Assigned task: All of the entries must be reproduced exactly, with no images carried over.

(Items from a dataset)
▽

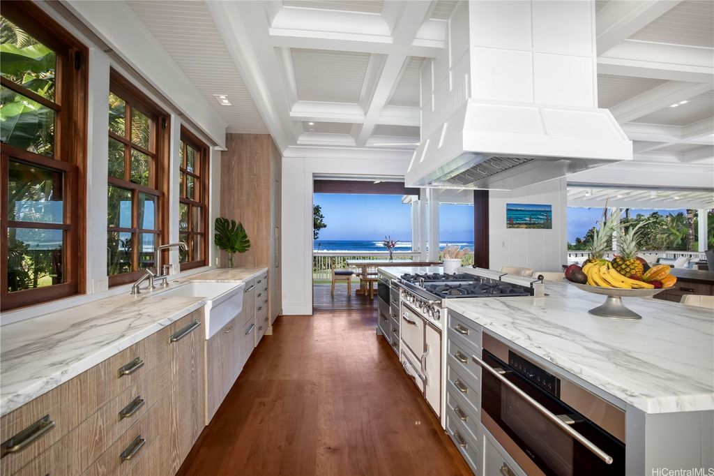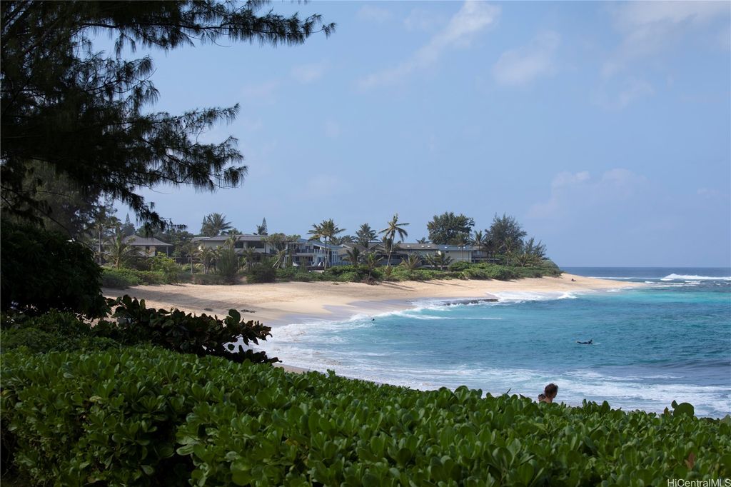 Crafted by renowned design firm JZMK Partners of Costa Mesa, this island-inspired coastal retreat is the embodiment of luxury living by the sea. From the moment you enter through custom hardwood doors, you're transported to a world where elegant architecture meets relaxed tropical living. Set against the backdrop of one of Hawai"˜i's most iconic beaches and surf spots, this stunning residence offers seamless indoor-outdoor living with expansive seaside lanais and thoughtfully designed spaces that invite gathering, entertaining, and quiet reflection. The gourmet kitchen is a dream for chefs and hosts alike, featuring dual islands, professional-grade appliances, and beautifully finished custom cabinetry. Whether preparing a casual breakfast or an elaborate dinner party, every detail is tailored for ease and elegance. Surrounding the home is lush tropical landscaping that completes the sense of serene seclusion, while the beach just beyond remains ever within reach. This is more than a home"”it's a rare coastal compound that captures the essence of island living with architectural pedigree, natural beauty, and effortless luxury. Welcome to the North Shore's ultimate beach house.
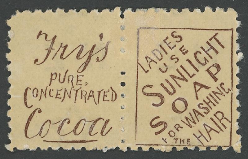 yellow-orange Adverts in Sepia (Second Setting) SG 221e horizontal pair for Sunlight Soap 'Ladies use ...' and for Fry's Cocoa, characteristic uneven perfs, small hinge remainder, Cat £400+ for singles. Ex Sir Gawaine Baillie (2006): sold for £161. (Image1) (Image2)
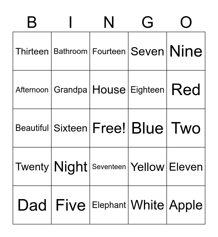This bingo card has a free space and 69 words: One, Two, Three, Four, Five, Six, Seven, Eight, Nine, Ten, Eleven, Twelve, Thirteen, Fourteen, Fifteen, Sixteen, Seventeen, Eighteen, Nineteen, Twenty, Blue, Yellow, Red, Green, Orange, Pink, Brown, Black, White, Bedroom, Bathroom, Kitchen, Living room, Garden, Garage, Hello, Hi, Morning, Afternoon, Evening, Night, Apple, Car, Ball, Mom, Dad, Brother, Sister, Grandma, Grandpa, House, Family, Lion, Elephant, Cat, Dog, Water, Boy, Girl, Beautiful, Ugly, Small, Big, Tall, Short, Old, New, Young and Cellphone.
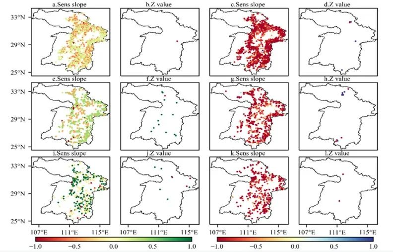基于LULC数据,研究借助FRAGSTATS 4.2、InVEST 3.12模型以及RSEI计算公式,多角度评估湿地生态健康水平。从湿地地理情况特征、生物栖息地质量、综合生态质量三个维度评定长江中游流域湿地生态现状,通过从三个方面多角度的对湿地生态质量进行综合性描述,提高未来生态模拟的准确性和合理性。
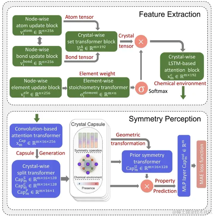 其次,该研究创新性地将胶囊机制 (capsule mechanism) 应用于材料属性预测,通过基于胶囊机制设计的对称性感知模块,将材料化学环境转换为由对称算子、卷积材料化学环境和存在值组成的材料胶囊,以感知并保留晶体对称性。进而,通过在材料的化学环境矩阵上进行对称运算,可以将不同的对称图案推广到晶体胶囊中。
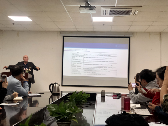 在第一场讲座上,皮姆教授首先以中国驻澳大使成竞业在“一带一路”论坛上的主旨演讲和中国政府文件的术语翻译引入主题——目标语读者对于翻译的接受度。
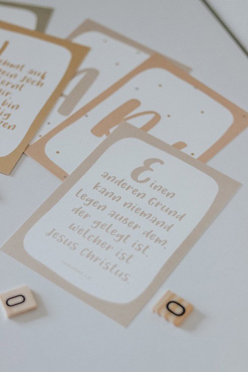 Zu jedem Buchstabe des gesamten Alphabets wurde jeweils ein Bibelvers auf die Rückseite gedruckt. So kann man mit den Kindern auch spielerisch das Wort Gottes erlernen und hoffentlich besser behalten.
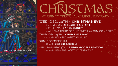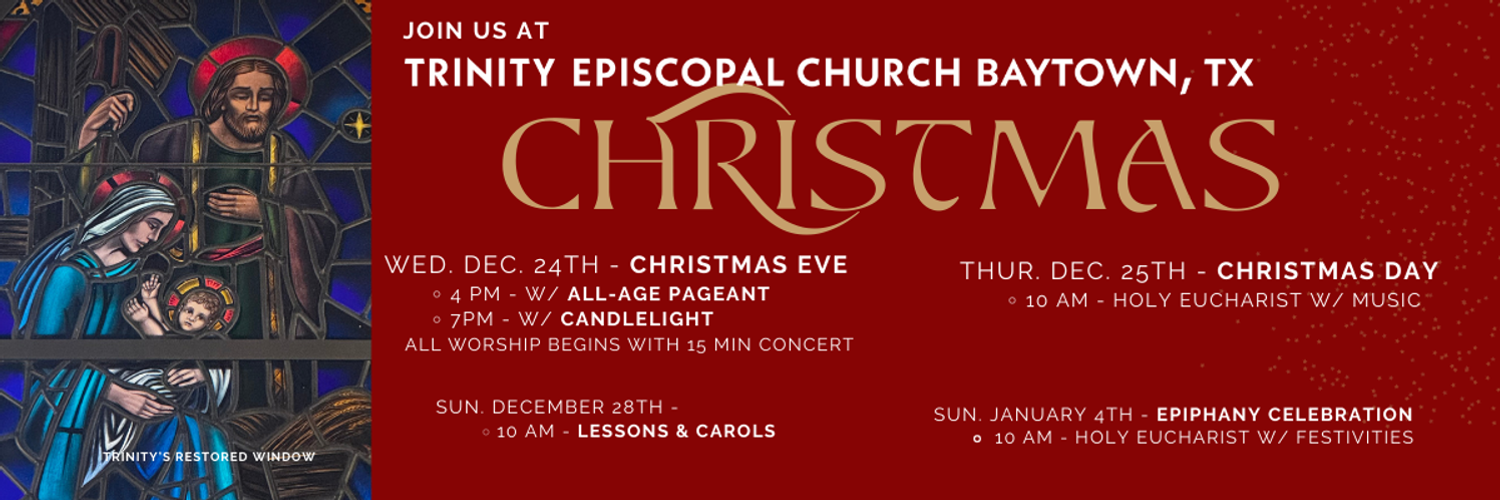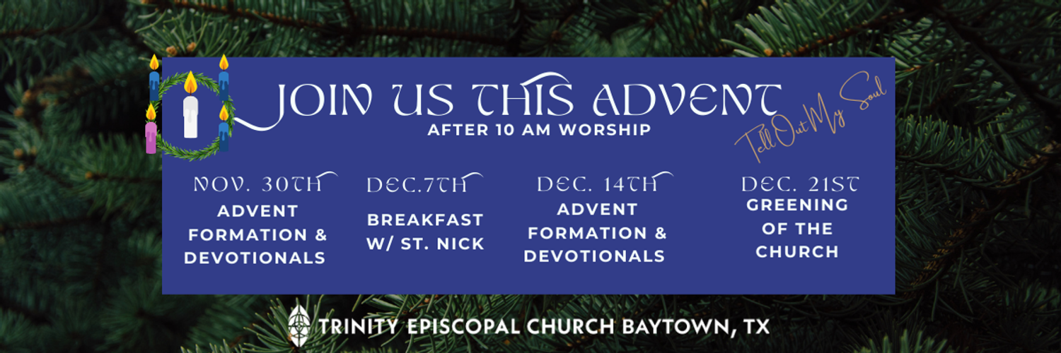 November 30: Holy Eucharist, 10am, with organ, praise band, and choir, in person and streamed to the Trinity Page on FaceBook Live, Worship bulletin HERE. Pot Luck, All ages formation after service
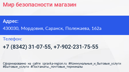 Мир безопасности, магазин по адресу 430030, Мордовия, Саранск, Полежаева, 162а в дальнейшем Организация, размещена в следующих категориях:

△

Expected answer:
 Crafted by renowned design firm JZMK Partners of Costa Mesa, this island-inspired coastal retreat is the embodiment of luxury living by the sea. From the moment you enter through custom hardwood doors, you're transported to a world where elegant architecture meets relaxed tropical living. Set against the backdrop of one of Hawai"˜i's most iconic beaches and surf spots, this stunning residence offers seamless indoor-outdoor living with expansive seaside lanais and thoughtfully designed spaces that invite gathering, entertaining, and quiet reflection. The gourmet kitchen is a dream for chefs and hosts alike, featuring dual islands, professional-grade appliances, and beautifully finished custom cabinetry. Whether preparing a casual breakfast or an elaborate dinner party, every detail is tailored for ease and elegance. Surrounding the home is lush tropical landscaping that completes the sense of serene seclusion, while the beach just beyond remains ever within reach. This is more than a home"”it's a rare coastal compound that captures the essence of island living with architectural pedigree, natural beauty, and effortless luxury. Welcome to the North Shore's ultimate beach house.
 yellow-orange Adverts in Sepia (Second Setting) SG 221e horizontal pair for Sunlight Soap 'Ladies use ...' and for Fry's Cocoa, characteristic uneven perfs, small hinge remainder, Cat £400+ for singles. Ex Sir Gawaine Baillie (2006): sold for £161. (Image1) (Image2)
This bingo card has a free space and 69 words: One, Two, Three, Four, Five, Six, Seven, Eight, Nine, Ten, Eleven, Twelve, Thirteen, Fourteen, Fifteen, Sixteen, Seventeen, Eighteen, Nineteen, Twenty, Blue, Yellow, Red, Green, Orange, Pink, Brown, Black, White, Bedroom, Bathroom, Kitchen, Living room, Garden, Garage, Hello, Hi, Morning, Afternoon, Evening, Night, Apple, Car, Ball, Mom, Dad, Brother, Sister, Grandma, Grandpa, House, Family, Lion, Elephant, Cat, Dog, Water, Boy, Girl, Beautiful, Ugly, Small, Big, Tall, Short, Old, New, Young and Cellphone.
基于LULC数据,研究借助FRAGSTATS 4.2、InVEST 3.12模型以及RSEI计算公式,多角度评估湿地生态健康水平。从湿地地理情况特征、生物栖息地质量、综合生态质量三个维度评定长江中游流域湿地生态现状,通过从三个方面多角度的对湿地生态质量进行综合性描述,提高未来生态模拟的准确性和合理性。
 其次,该研究创新性地将胶囊机制 (capsule mechanism) 应用于材料属性预测,通过基于胶囊机制设计的对称性感知模块,将材料化学环境转换为由对称算子、卷积材料化学环境和存在值组成的材料胶囊,以感知并保留晶体对称性。进而,通过在材料的化学环境矩阵上进行对称运算,可以将不同的对称图案推广到晶体胶囊中。
 在第一场讲座上,皮姆教授首先以中国驻澳大使成竞业在“一带一路”论坛上的主旨演讲和中国政府文件的术语翻译引入主题——目标语读者对于翻译的接受度。
 Zu jedem Buchstabe des gesamten Alphabets wurde jeweils ein Bibelvers auf die Rückseite gedruckt. So kann man mit den Kindern auch spielerisch das Wort Gottes erlernen und hoffentlich besser behalten.
 November 30: Holy Eucharist, 10am, with organ, praise band, and choir, in person and streamed to the Trinity Page on FaceBook Live, Worship bulletin HERE. Pot Luck, All ages formation after service
 Мир безопасности, магазин по адресу 430030, Мордовия, Саранск, Полежаева, 162а в дальнейшем Организация, размещена в следующих категориях:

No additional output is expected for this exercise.